Traditionally, the Christmas and New Year period is the time of year where many of us tend to overspend.
While this might be well-meaning, as most people are simply buying gifts for family and friends at Christmas or going on holiday, you need to be sure that it doesn’t blow your budget.
If your goal is to buy a property in the new year, then it’s important to not let a Christmas splurge get in the way of your real estate dreams.
Here are a few ways to better manage your money ahead of the holiday season.
Put the Credit Card Away
The problem with credit cards is they are easy to use and not always easy to keep track of.
During the lead-up to Christmas, it’s very easy to get carried away spending. This can not only hurt your savings, but it also makes it appear that your typical spending habits are a lot higher than they might be.
A lender will take close look at your expenses over the previous three months when assessing a home loan application, and if they are excessive, it could dent your serviceability and risk getting your loan application rejected.
If you don’t particularly use or need your credit card, it can often be a good idea to get rid of it altogether, as lenders assess your credit card as if it is fully maxed out.
Allocate Funds in Advance
We all know that budgeting is important but for most people it is not only hard to do, but hard to implement.
One of the best ways to effectively budget is to allocate all your spending money in advance and put it on a debit card. This way, there is no chance you can go over budget.
It’s even possible to have multiple debit cards for different areas of your life, such as essentials, spending money and things like bills and expenses. Then, you simply transfer funds to them each week.
While this might seem a little over the top, if your goal is to get on the property ladder, then it might be well worth going to these lengths for even a short period of time.
While it might be very tempting to jump on a plane after what has been a few rough years for those that love to travel, don’t take on any debts in the process.
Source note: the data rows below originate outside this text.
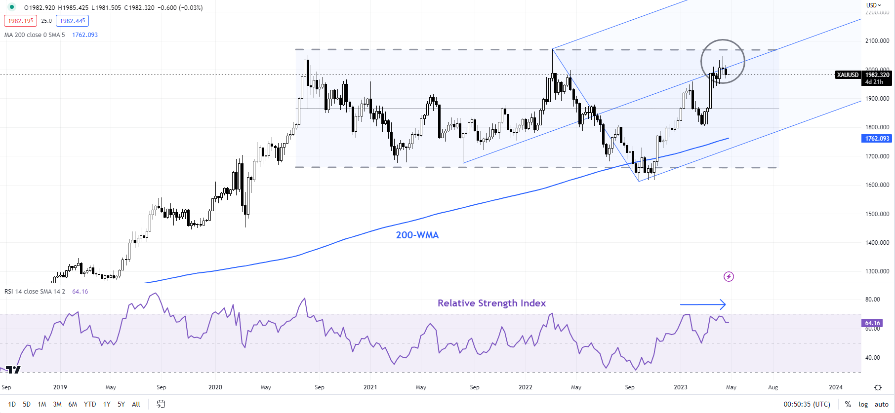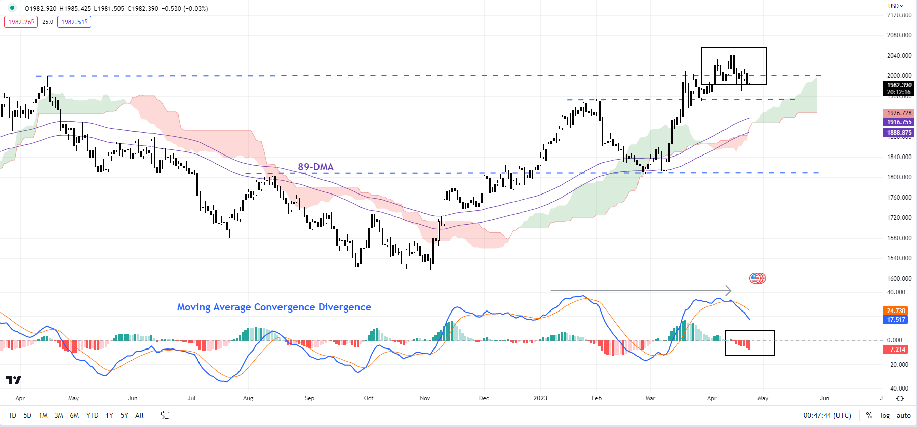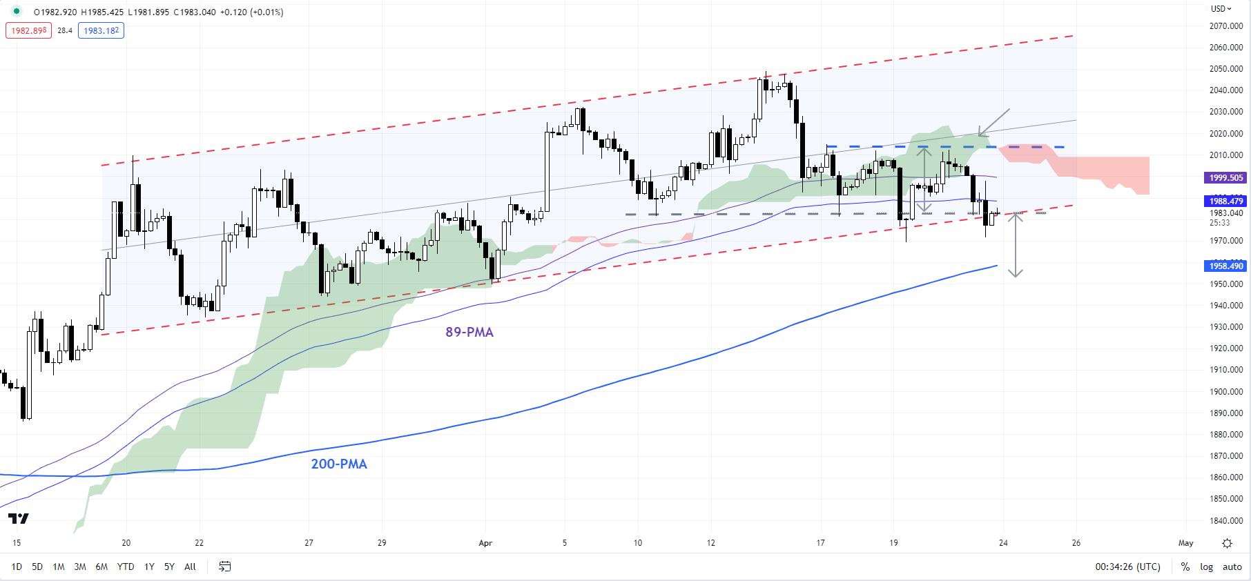 不过,若通胀数据出现任何上行的迹象都可能会提振美债收益率及美元,从而施压黄金。数位美国联准会(即美联储/FED)官员近期公开表示将再升息一码(25个基点)。根据CME美联储观察工具(FedWatch tool)市场目前押注美国联准会有89%的概率於5月再升息一码。另一方面,若PCE通胀数据差於预期,届时这可能会推动黄金重返2000美元关口之上。
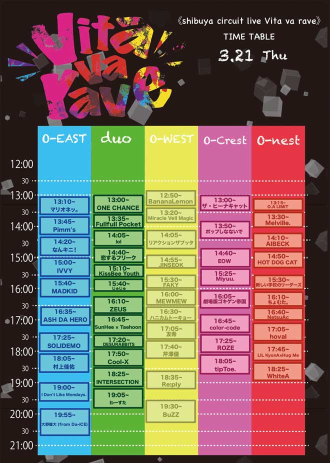 <shibuya circuit live Vita va rave>、タイムテーブル発表
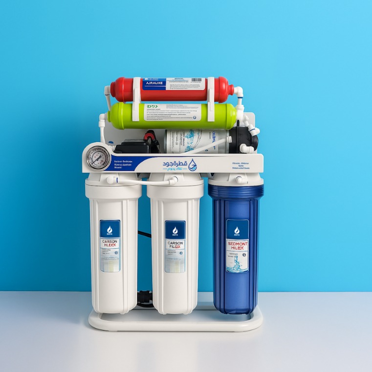 - فلاتر مياه ٧ مراحل بتصميم موفّر للمساحة يناسب الأماكن الضيقة.
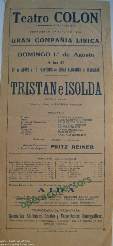 Tristan und Isolde-Aida - Teatro Colon 1926 - Kipnis-Reiner-Muzio-Laur

Many people like to put their holidays on credit or even take out a personal loan. The problem with adding debt is that this money needs to be paid back. When you have debts, it weighs on your serviceability.
Given that credit cards and other unsecured debts attract incredibly high interest rates and need to be paid back in a matter of years at the latest, this can really hurt your bottom line when applying for a loan.
For first home buyers, even a $100 per week payment on a credit card or loan could be enough for you to miss out on getting a loan for your first property. If your goal is to buy a property, wait until you’ve settled on the property and made a new budget before going out and spending money you don’t have on a trip.